— Exercise aim —
Repeat exactly the lines of the records below, starting at the line containing "當地時間2017年2月12日,巴西帕拉伊巴,路上躺著牛的尸體。" and ending at the line containing "8月16日,观众在鄂尔多斯市博物院欣赏佛教造像。". Leave the pictures out.
### Study material
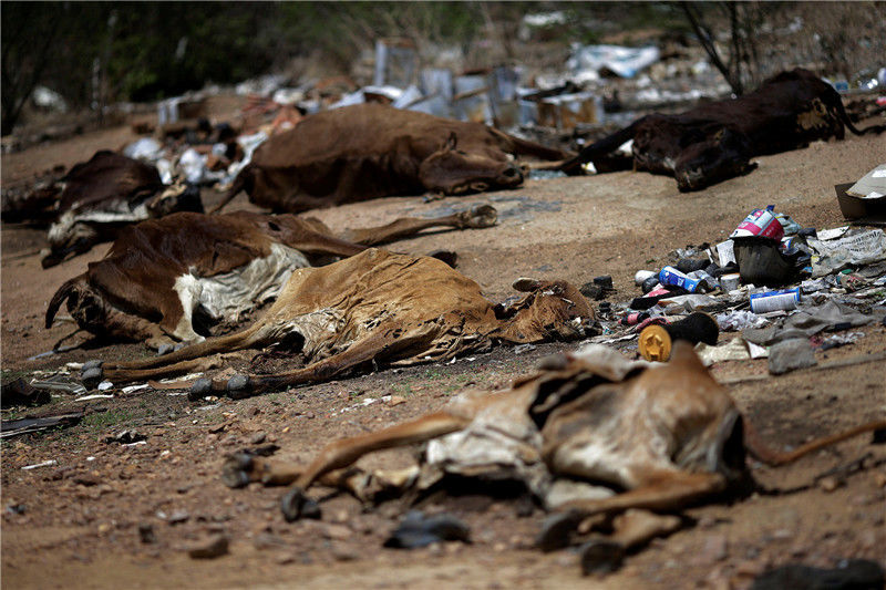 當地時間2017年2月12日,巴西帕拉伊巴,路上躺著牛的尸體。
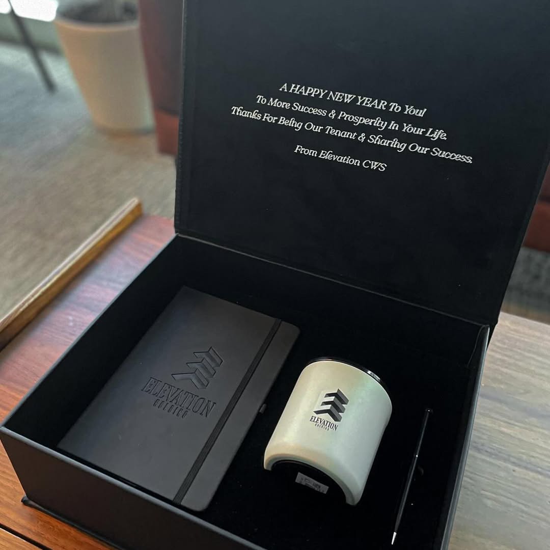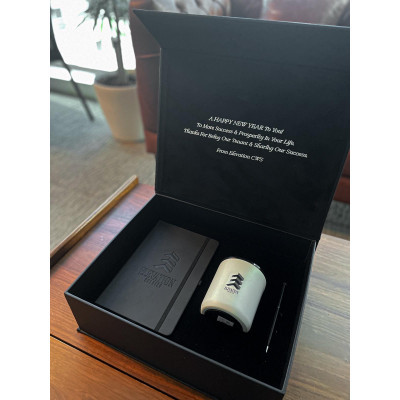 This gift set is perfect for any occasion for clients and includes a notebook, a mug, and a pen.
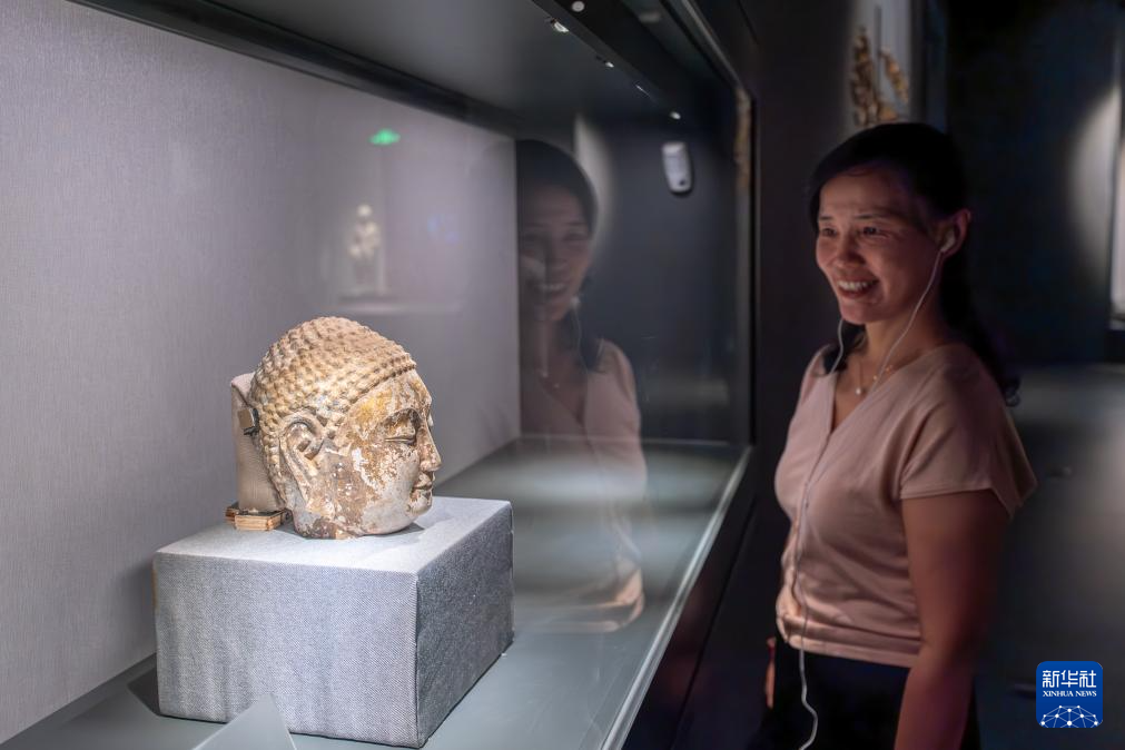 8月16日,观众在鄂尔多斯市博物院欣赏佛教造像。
######
### Study material
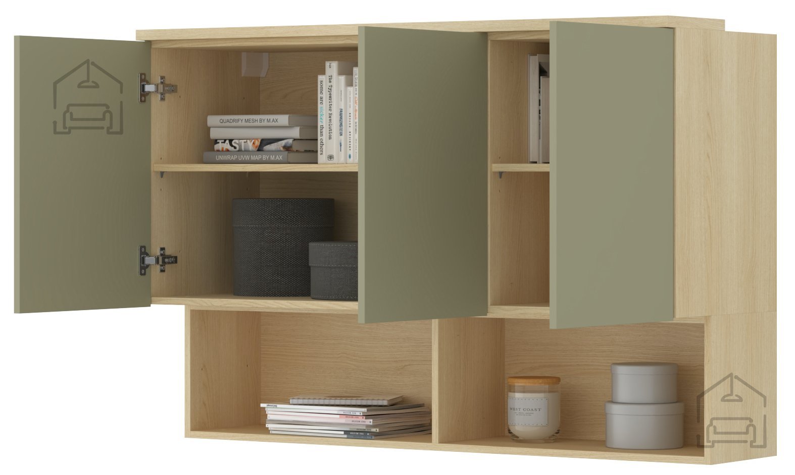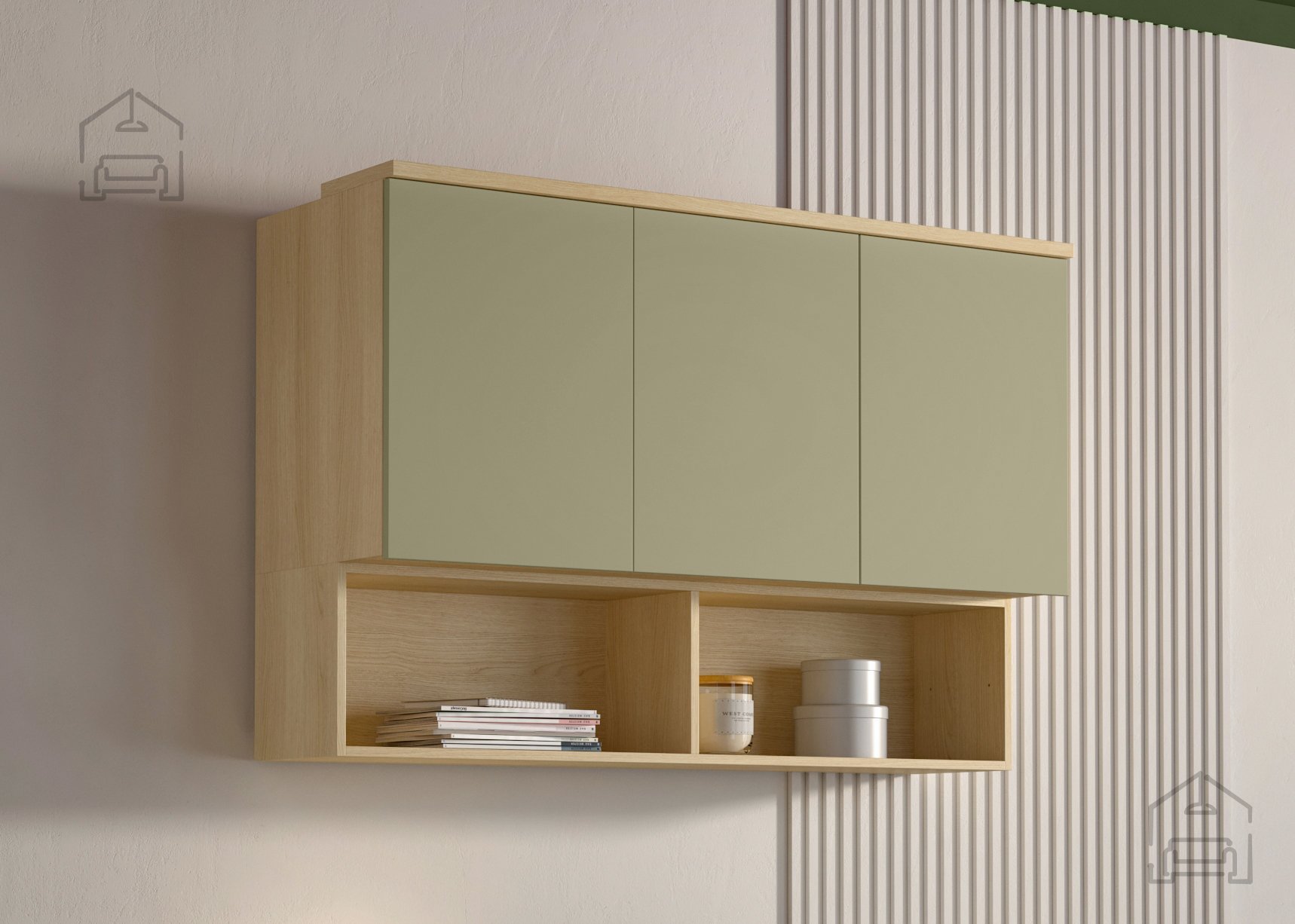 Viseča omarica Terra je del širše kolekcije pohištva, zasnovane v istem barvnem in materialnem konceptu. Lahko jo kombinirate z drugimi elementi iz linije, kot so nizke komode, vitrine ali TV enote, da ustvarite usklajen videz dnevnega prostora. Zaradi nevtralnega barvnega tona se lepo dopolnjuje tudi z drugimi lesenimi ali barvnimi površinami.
######
— Answer section —
 當地時間2017年2月12日,巴西帕拉伊巴,路上躺著牛的尸體。
 This gift set is perfect for any occasion for clients and includes a notebook, a mug, and a pen.
 8月16日,观众在鄂尔多斯市博物院欣赏佛教造像。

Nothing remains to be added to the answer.